10 cose che i milanesi vorrebbero importare da Barcellona

Bar-cel-lo-na, oltre il mare c’è di più. Forse è vero, ma in cima dell’invidia dei milanesi per chi vive a Barcellona c’è comunque lui: il mare. Con tutto quello che comporta, in termini di divertimento, di qualità della vita e di clima. Eppure c’è qualcosa in più che vorremmo portare da noi. Ecco la lista

10 COSE CHE I MILANESI VORREBBERO IMPORTARE DA BARCELLONA

#1 il mare

Spiagge infinite. Acqua pulita anche se ci si trova in una grande città. Se potessimo tutti vorremmo averlo qui.

#2 il clima

Mai troppo calda, mai troppo fredda. Per chi sogna un’eterna primavera Barcellona offre il clima ottimale.

#3 la vita notturna
Milano è considerata una mecca internazionale della vita notturna. Francamente su questo abbiamo qualche dubbio. Basta trascorrere un week end a Barcellona per capire che i professionisti del divertimento sono loro.

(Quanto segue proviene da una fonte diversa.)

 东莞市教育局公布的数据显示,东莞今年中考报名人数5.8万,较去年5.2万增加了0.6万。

#4 la facilità nei rapporti umani
L’abitante di Barcellona pare che vada in crisi se passa più di mezzora senza parlare con qualcuno. Il milanese se gli si avvicina qualcuno per dirgli qualcosa, lo anticipa dicendo: “mi spiace, non ho soldi”.

#5 le ramblas
Come starebbero bene messe così, tra il ticinese e porta Romana. Delle ramblas in stile milanese, dove perdersi tra mille localini.

#6 il Barcellona
E’ la squadra che sarebbe potuta diventare il Milan se Berlusconi non avesse smarrito il suo intuito. Invece il Barcellona domina il mondo, segnando in campionato 6 o 7 gol a partita, mentre il Milan soffre con Carpi e Sassuolo.

#7 Messi
Vogliamo infierire. La superiorità del Barcellona è anche nella possibilità di comprare e tenere i maggiori campioni del mondo. Un tempo era l’Italia la terra promessa e San Siro era la scala del calcio, oggi il nostro campionato è a tratti patetico. E chi gioca non vede l’ora di andarsene. Perfino in Germania.

#8 le spiagge

Spiagge, mare, clima. Non starà diventando un po’ ripetitiva Barcellona, dopotutto? Forse un po’, sì.

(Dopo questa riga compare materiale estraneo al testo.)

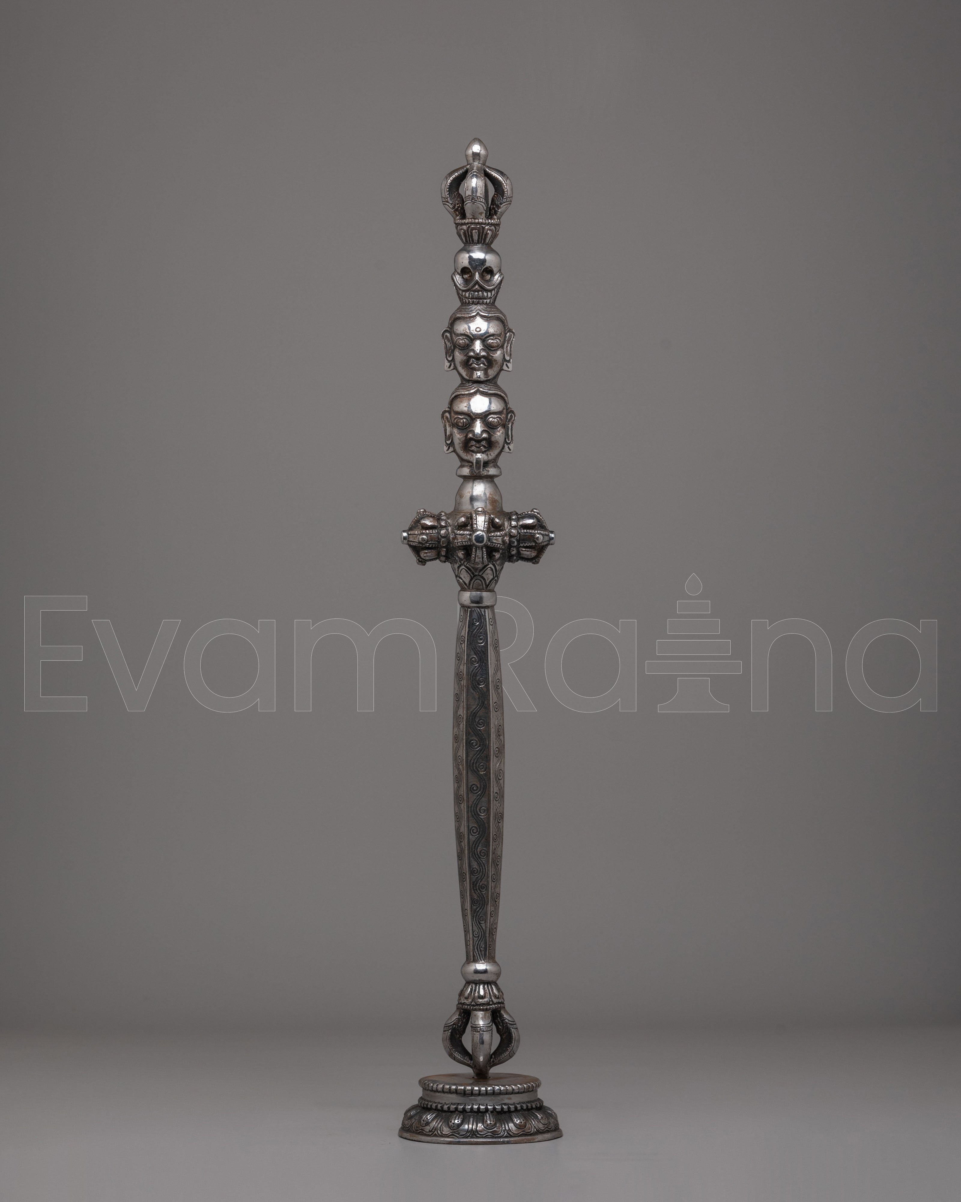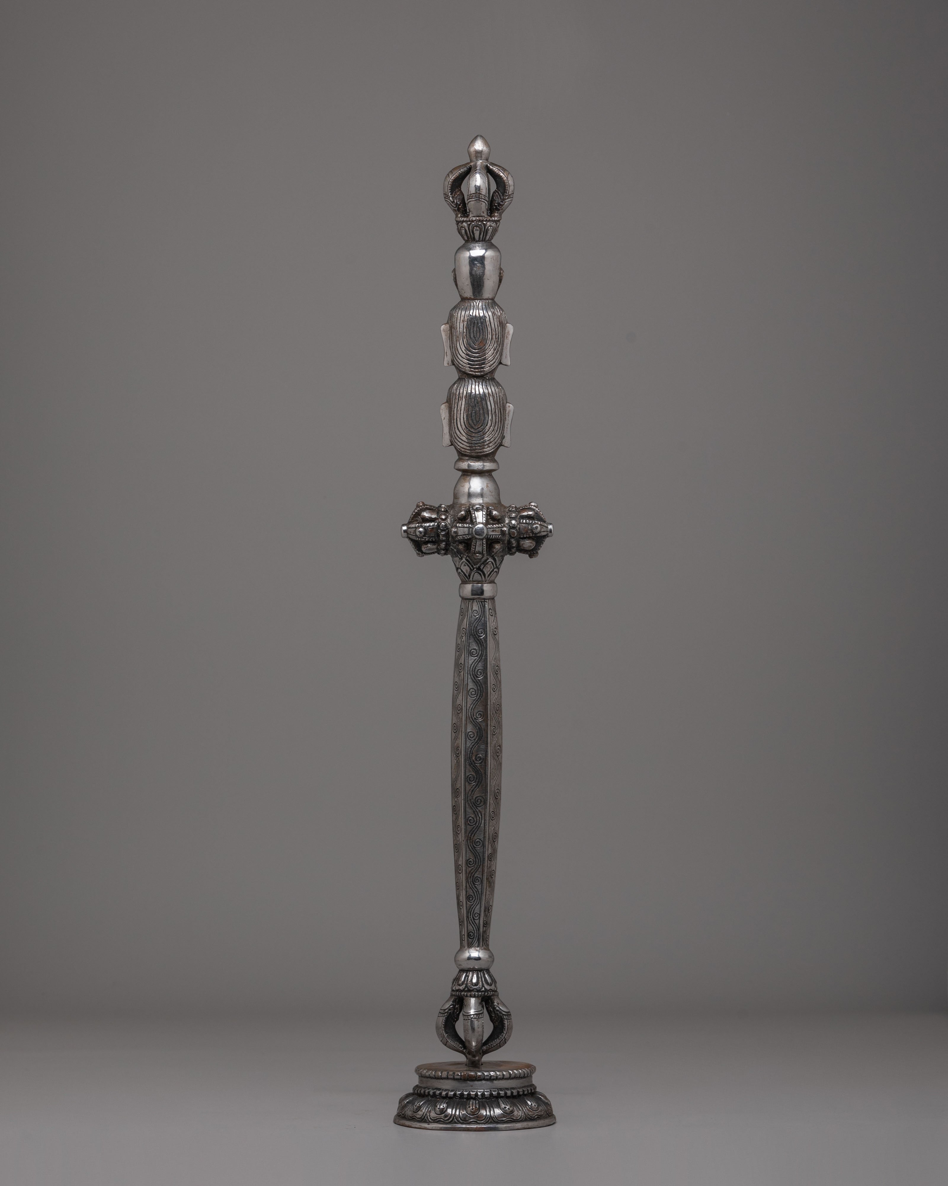 The Handcrafted Tibetan Khatvanga Ritual Tool serves as both a spiritual tool and a revered artifact. Whether used in rituals, meditative practices, or displayed as a sacred object, this khatvanga connects its holder to the powerful energies of Tibetan Buddhist tradition. Its iron material and craftsmanship make it a durable and spiritually potent item for those seeking deeper engagement with Tibetan Buddhism. This ritual tool will enhance any altar or sacred space, bringing protection, spiritual insight, and the blessing of divine power.

#9 l’architettura di Gaudì

A chi l’accusa di essere una città un po’ superficiale e povera culturalmente ecco che si rilancia con l’architettura di Gaudì, che starebbe alla grande anche da noi. Così come Dalì, quanto ci sarebbe piaciuto che fosse milanese.
#10 la diagonal
Queste strade pazzesche che tagliano una città in due con diecimila corsie a un milanese lo possono fare godere fisicamente.